歩太は、ある日電車の中で出会った人に一目惚れをします。

歩太には、精神を病んで入院している父親がいて、その父親に見舞いに行った時に、新しく担当医として配属された女医に出会います。

それは、自分が一目惚れした女性でした。

どこかで見たことがあるような気がしていた歩太ですが、それは自分の付き合っている彼女の姉でした。

自分の未来も定まらず、いつか自分も父親のようになるのだろうかという不安を抱えながら、出会った女医の春妃(ハルヒ)に惹かれていく歩太。

けれど、春妃にも過去に大きな心の傷を負っていて・・・。

若い恋、不安定さと一途さが詰まった作品です。

『天使の卵-エンジェルス・エッグ』(村山由佳)の好きな登場人物

主人公の一本槍歩太です。

自分の将来も見えず、父親の病から自分という土台を掴みきれないという不安定な気持ちを抱えていながら、一途で熱い気持ちを秘めている感じがするのが好きです。

10代でありながらどこか精神的に大人な感じがします。

ですが、若さゆえか姉妹の気持ちを汲み取れきれないという幼さも見せます。

この話のまま終わると、あまりこの主人公を好きになれない方もいると思いますが、彼らのその後が気になる方は、続巻があるのでおすすめします。

『天使の卵-エンジェルス・エッグ』(村山由佳)で心に残った場面

歩太と春妃がプレゼントを贈り合う場面です。

この時の場面からか、この本のタイトルからか、『天使の卵』というアクセサリーブランドができています。

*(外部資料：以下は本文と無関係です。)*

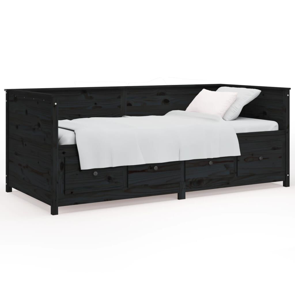 vidaXL Svefnsófi án Dýnu Svart 90x190 cm Gegnheil Fura

春妃の儚いイメージに歩太がどういう印象を抱いていたのか分かるプレゼント。

そして、本当に人に恋した時にプレゼントをし合う、この話の中で一番幸せで心温まる場面です。

冬の寒い場面でありながら、暖かさを感じます。



『天使の卵-エンジェルス・エッグ』(村山由佳)で得たもの

愛と言うには幼い、恋をした人の物語です。

人を好きになることは、とても美しいけれど幸せなだけでなくて、誰かを傷つることもある。

けれど、傷つけてもやめられない。

どうしてもと思う気持ちもあるんだということです。

言葉にするととても単純で、あらすじだけを読むととても陳腐なのですが、とても美しいものがあるというのが、どこまでも青春物語なのだと思います。

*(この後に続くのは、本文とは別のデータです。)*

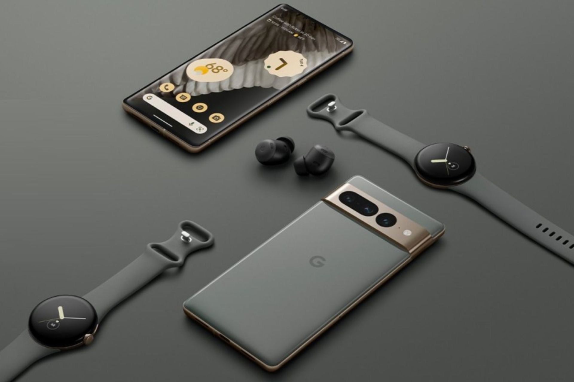 گوگل در حساب کاربری فیسبوک خود برای اولینبار رندری از نمای جلوی پیکسل ۷ پرو بهاشتراک گذاشت. بهنظر میرسد که انحنای صفحهنمایش این دستگاه نسبت به پیکسل ۶ پرو کاهش یافته است. علاوهبراین رندری از بدنهی پشتی این محصول در کنار دو دستگاه پیکسل واچ و یک هدفون پیکسل بادز پرو ارائه شده است.

最後は胸がえぐられるような展開になるのですが、この後の主人公達がどう生きていくのか気になって仕方がなくなる方も多いと思います。

続編もおすすめで、読んでいくとどの登場人物の気持ちも理解できて、さらに心揺さぶられます。

『天使の卵-エンジェルス・エッグ』(村山由佳)はこんな方におすすめ

歩太と同じ年の方々に読んでほしいと思います。

今のように携帯電話が普及した時代ではなかったので、今とは勝手が違うとは思うのですが、心のありようというのは変わらないと思います。

また恋をしたいと思っている方、純愛に興味がある方にも読んでもらいたいと思います。

『天使の卵-エンジェルス・エッグ』(村山由佳)のまとめ

若い時に読んでもらいたい作品です。

若い時だからこそ抱える自分に対する不安、そんな不安定な頃にする恋。

それはとても陳腐で、とても身勝手です。

しかしそれがとても美しいものに見える・・・、珠玉の作品です。

そして、できることなら、この作品でその後が気になる、彼らがどういう気持を抱えて生きていくのかを知りたい方は、シリーズを読んでいってもらいたいと思います。

歩太もシリーズの中で、年齢をおっていきますが、読み手の年齢と重ね合わせて読みすすめると、その時々に自分の気持ちがどのように変わったかを感じることもでき、それがいつでも新鮮な気持ちになります。